1. Startseite
  2. Rhein-Main
  3. Hochtaunus

Kabale endet mit Vergleich

Erstellt: Aktualisiert:

Kommentare

Die Leitungsposition für das Homburger Kulturamt wird neu ausgeschrieben. Doch die Stadt muss der ehemaligen Amtschefin vor Gericht entgegenkommen.

Von Martina Propson-Hauck

An die Spitze des Kulturamtes wird sie nicht mehr zurückkehren, doch bis zum 30. Juni 2011 muss die Stadt Bad Homburg ihr Gehalt weiterzahlen und ihr ein anständiges Arbeitszeugnis ausstellen. Mit diesem Vergleich endete am Dienstagvormittag vor dem Arbeitsgericht Frankfurt die Klage von Kulturamtsleiterin R. gegen die Stadt auf Wiedereinstellung.

Die heute 49-Jährige war zum 1. August 2008 als Fachbereichsleiterin Kultur und damit Nachfolgerin von dem in den Ruhestand gegangenen Wolfgang Zöll eingestellt worden. Zuvor hatte die gelernte Archivarin als Museumsleiterin und Stadtarchivarin in Bad Soden gearbeitet. Eingestellt hatte sie die damalige Oberbürgermeisterin Ursula Jungherr (CDU).

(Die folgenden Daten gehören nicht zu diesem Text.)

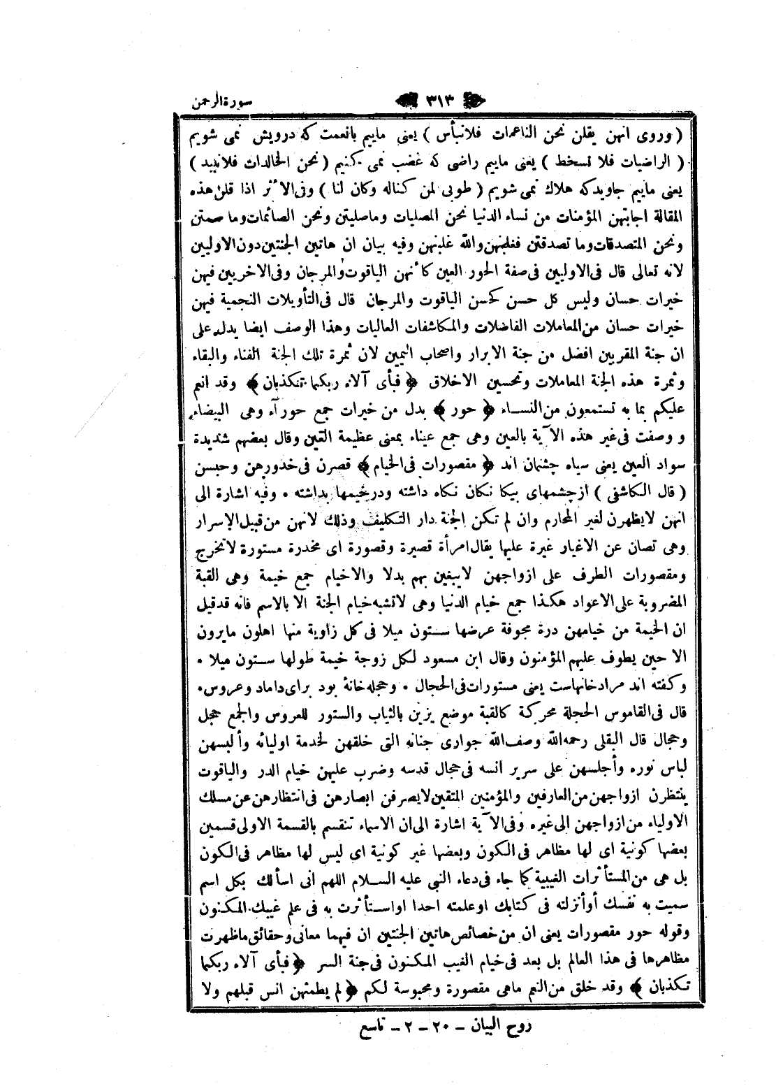(وروى انهن يقلن نحن الناعمات فلا نبأس) يعنى ماييم با نعمت كه درويش نمى شويم (الراضيات فلا تسخط) يعنى ماييم راضى كه غضب نمى كنيم (نحن الخالدات فلا نببد) يعنى ماييم جاويد كه هلاك نمى شويم (طوبى لمن كناله وكان لنا) وفي الأثر إذا قلن هذه المقالة اجابتهن المؤمنات من نساء الدنيا نحن المصليات وما صليتن ونحن الصائمات وما صمتن ونحن المتصدقات وما تصدقتن فغلبنهن والله غلبنهن وفيه بيان ان هاتين الجنتين دون الأوليين لانه تعالى قال في الأوليين في صفة الحور العين كأنهن الياقوت والمرجان وفي الأخريين فيهن خيرات حسان وليس كل حسن كحسن الياقوت والمرجان قال في التأويلات النجمية فيهن خيرات حسان من المعاملات الفاضلات والمكاشفات العاليات وهذا الوصف ايضا يدل على ان جنة المقربين أفضل من جنة الأبرار واصحاب اليمين لان ثمرة تلك الجنة الفناء والبقاء وثمرة هذه الجنة المعاملات وتحسين الأخلاق فَبِأَيِّ آلاءِ رَبِّكُما تُكَذِّبانِ وقد أنعم عليكم بما به تستمعون من النساء حُورٌ بدل من خيرات جمع حوراء وهى البيضاء ووصفت في غير هذه الآية بالعين وهى جمع عيناء بمعنى عظيمة العين وقال بعضهم شديدة سواد العين يعنى سياه چشمان اند مَقْصُوراتٌ فِي الْخِيامِ قصرن في خدورهن وحبسن (قال الكاشفى) از چشمهاى بيكانكان نكاه داشته ودر خيمها بداشته وفيه اشارة الى انهن لا يظهرن لغير المحارم وان لم تكن الجنة دار التكليف وذلك لانهن من قبيل الإسرار وهى تصان عن الأغيار غيرة عليها يقال امرأة قصيرة وقصورة اى مخدرة مستورة لا تخرج ومقصورات الطرف على أزواجهن لا يبغين بهم بدلا والاخيام جمع خيمة وهى القبة المضروبة على الأعواد هكذا جمع خيام الدنيا وهى لا تشبه خيام الجنة الا بالاسم فانه قد قيل ان الخيمة من خيامهن درة مجوفة عرضها ستون ميلا في كل زاوية منها اهلون ما يرون الا حين يطوف عليهم المؤمنون وقال ابن مسعود لكل زوجة خيمة طولها ستون ميلا وكفته اند مراد خانهاست يعنى مستورات في الحجال وحجله خانه بود براى داماد وعروس قال في القاموس الحجلة محركة كالقبة موضع يزين بالثياب والستور للعروس والجمع حجل وحجال قال البقلى رحمه الله وصف الله جوارى جنانه التي خلقهن لخدمة أوليائه وألبسهن لباس نوره وأجلسهن على سرير أنسه في حجال قدسه وضرب عليهن خيام الدر والياقوت ينتظرن أزواجهن من العارفين والمؤمنين المتقين لا يصرفن أبصارهن في انتظار هن عن مسلك الأولياء من أزواجهن الى غيره وفي الآية اشارة الى ان الأسماء تنقسم بالقسمة الاولى قسمين بعضها كونية اى لها مظاهر في الكون وبعضها غير كونية اى ليس لها مظاهر في الكون بل هى من المستأثرات الغيبية كما جاء في دعاء النبي عليه السلام اللهم انى اسألك بكل اسم سميت به نفسك أو أنزلته في كتابك او علمته أحدا او استأثرت به في علم غيبك المكنون وقوله حور مقصورات يعنى ان من خصائص هاتين الجنتين ان فيهما معانى وحقائق ما ظهرت مظاهرها في هذا العالم بل بعد في خيام الغيب المكنون في جنة السر فَبِأَيِّ آلاءِ رَبِّكُما تُكَذِّبانِ وقد خلق من النعم ما هى مقصورة ومحبوسة لكم لَمْ يَطْمِثْهُنَّ إِنْسٌ قَبْلَهُمْ وَلا جَانٌّ
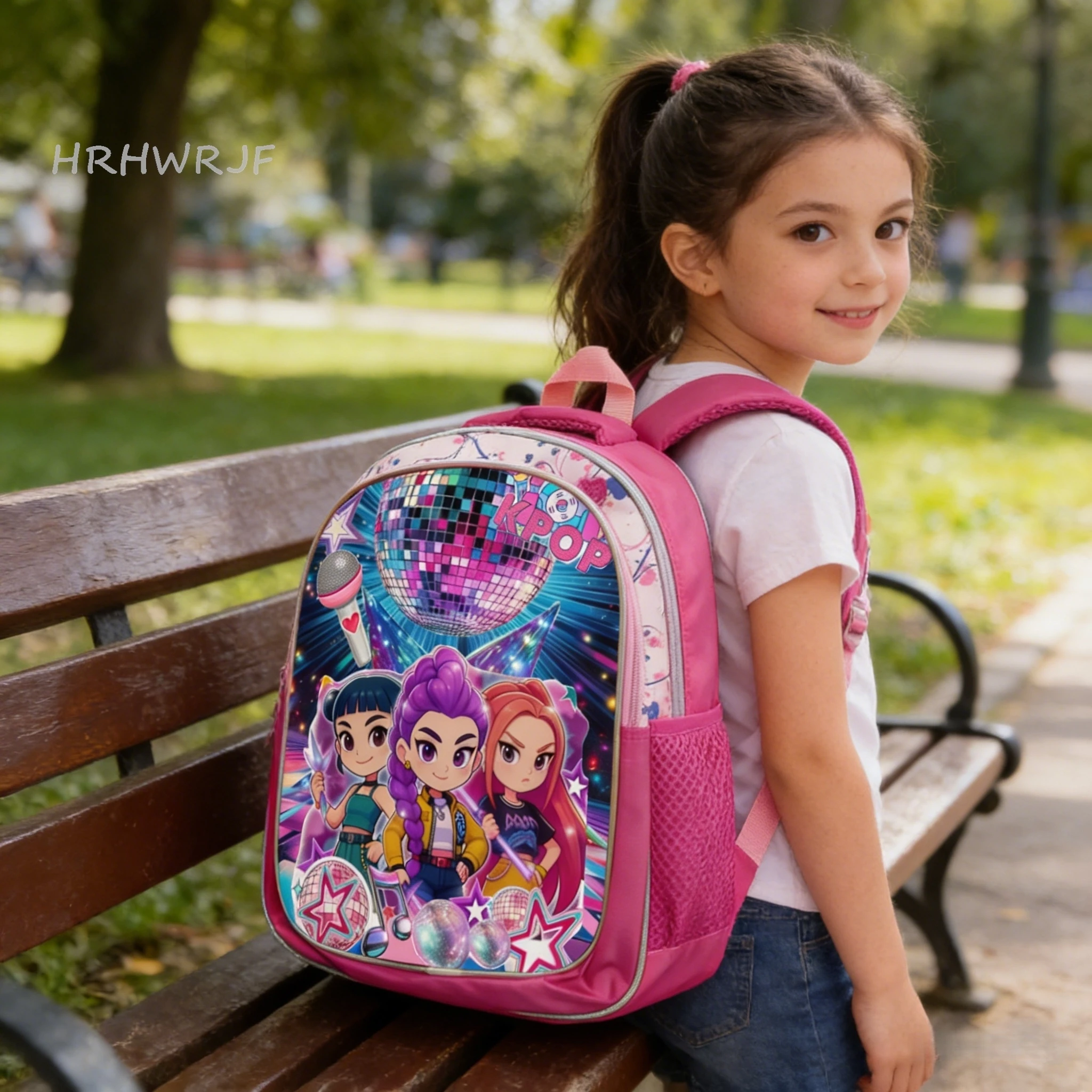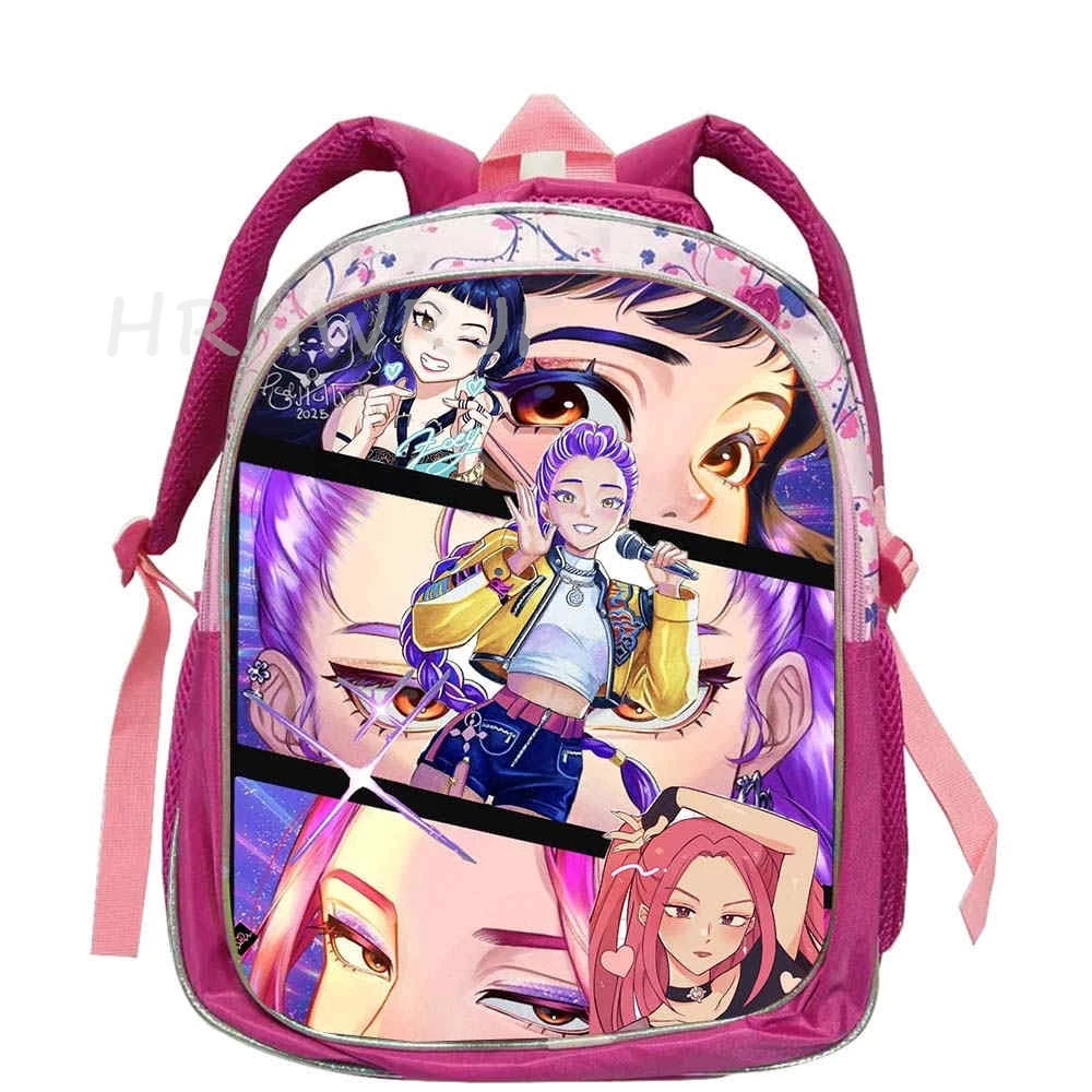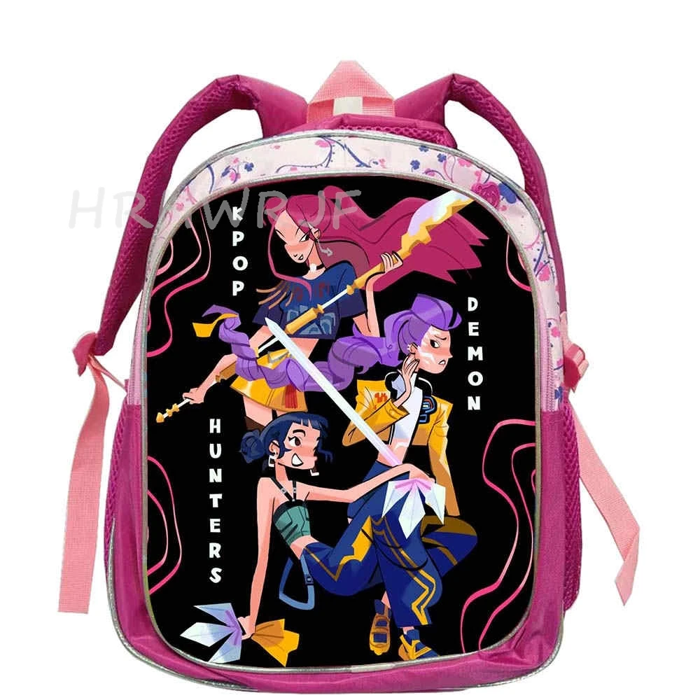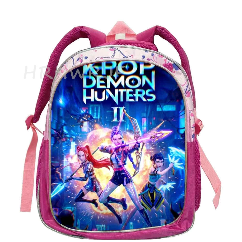 ♡Быстрый просмотрРюкзак KPop Demon Hunters розовый 12 дюймов Rumi Mira Zoey HUNTR/X Saja для мальчиков и девочек, школьная сумка для детского сада, Mochila1185.16 RUBГорячее

Diese, so sagte R. in der Verhandlung, habe ihr ein Jahr später signalisiert, dass sie sich bewährt habe, und sie sei davon ausgegangen, dass sich damit die Probezeit erledigt habe. Im September 2009 trat Michael Korwisi (Grüne) das Oberbürgermeisteramt an und setzte wenig später Beate Fleige (BLB) als ehrenamtliche Kulturdezernentin ein.

Der OB habe ihr im Mai 2010 mitgeteilt, dass sie sich auf ihrem Posten nicht bewährt habe, der Vertrag, der eine zweijährige Probezeit für die Führungskraft enthielt, wurde nicht verlängert. Die Juristen stritten vor Gericht nun darum, ob die Probezeit nur für die Fachbereichsleitung oder für jedwede Anstellung bei der Stadt Geltung hatte. R. hätte als gelernet Archivarin gern auch im Stadtarchiv weitergearbeitet.

Die Kulturdezernentin habe nie mit ihr darüber gesprochen, dass sie mit ihrer Arbeit nicht zufrieden sei, sagte R. Seit dem 31. Juli ist sie nun arbeitslos und sieht wenig Chancen, aus dieser Position heraus eine neue Anstellung zu finden. Dass die „Kabale im Kulturamt“ – so betitelte die FR vor einem halben Jahr einen Artikel über den Fall der Kulturamtsleiterin – nicht beendet sei, behauptete R. vor Gericht. Ihre Stellvertreterin sei seit ihrem Ausscheiden krank, für die anderen Mitarbeiterinnen fielen „Berge von Überstunden“ an.

OB Korwisi bestätigte auf Anfrage, dass Überstunden notwendig geworden seien. Das Kulturamt habe im vergangenen halben Jahr hervorragende Veranstaltungen wie die erste Kulturnacht, die Einladung der Agnon-Nachfahren oder die Julius-Becke-Ausstellung in der Englischen Kirche organisiert. Für die Nachfolge von R. soll am Samstag die Stellenausschreibung erscheinen. Schwerpunkt soll nun nicht mehr unbedingt Archiverfahrung sein.

R. hofft nun, aus einem Anstellungsverhältnis heraus und mit ein wenig mehr Zeit wieder Arbeit zu finden.